Seems a clear-cut job for the location scout, right? Off to Northern Florida! Well, not quite. In a Collider interview with producer Andrew McDonald and writer/director Alex Garland, McDonald explained that he spoke to another producer with experience filming in swampy jungle lands. Besides the obvious negatives of adverse weather conditions like heat and humidity, McDonald said he learned, "when you’re shooting at something so dense, all you’re getting is a green curtain so you can’t really see beyond anything...So that section of the film has massively benefited from not being shot in the jungle.” Instead, the area that's a dead ringer for the swamps of Louisiana was shot at Windsor Great Park, just outside of major metropolis London.

The empty beach with a lone lighthouse, absolutely identical to the famous lighthouse at St. Marks Wildlife Refuge, was actually shot at Holkham Beach off the coast of Norwich, England. The remainder of the fields and swamps were shot at England's famous Pinewood Studios, also the go-to location for other sci fi films with strange locations, including The Chronicles of Riddick and Star Wars: The Force Awakens. The website Atlas Of Wonders has an updated list of all of Annihilation's shooting locations, all of which are currently in England.

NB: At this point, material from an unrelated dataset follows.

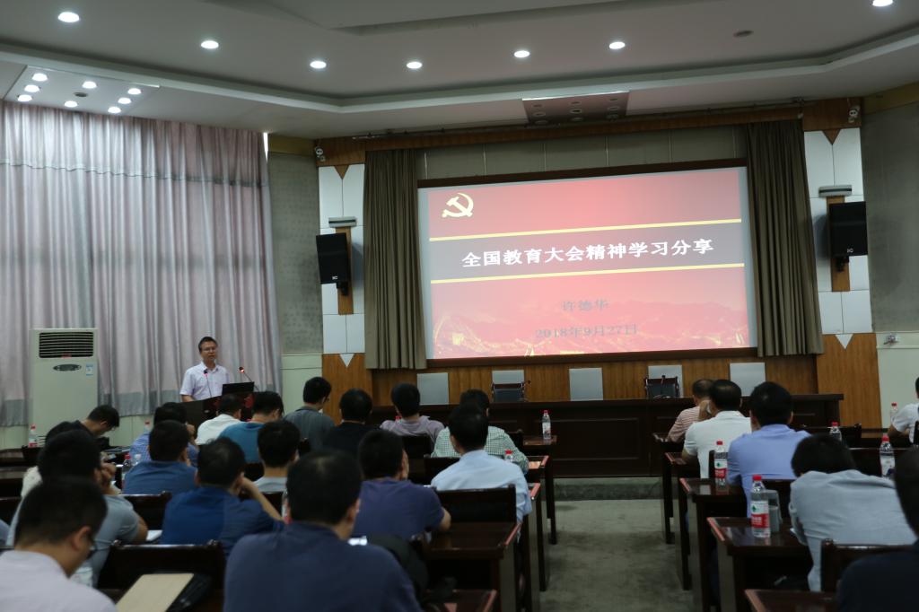 2018年9月27日下午15时30分,信息工程学院党委书记许德华在八角楼会议室为全院教职工做全国教育大会精神的学习分享。
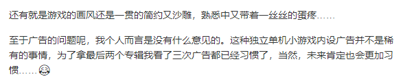 而且,虽然因为广告影响游戏体验,玩家不可避免地会有抵触情绪,但是凭借着沙雕游戏自身的独特乐趣和价值,相比其他休闲游戏,玩家对沙雕游戏内的广告有更高的接受度。

In the same Collider article, director Garland noted that despite being shot across the pond, the locations were absolutely inspired by crew visits to the American south, even inspiring deviations from the novel and script. "We came upon a half sunken trailer by the edge of a swamp. It was such a great visual delight… Originally the alligator attack sequence was outside and happened in the open, but now we put the [characters] in a more dangerous place. It’s dark. It’s enclosed. It’s harder to escape.”

While casual viewers would never guess the film was shot outside of America, it almost doesn't matter in the end. After all, once the team crosses the boundary of Area X, they've left the America we know for one beyond current human understanding, a world that exists only on paper and film.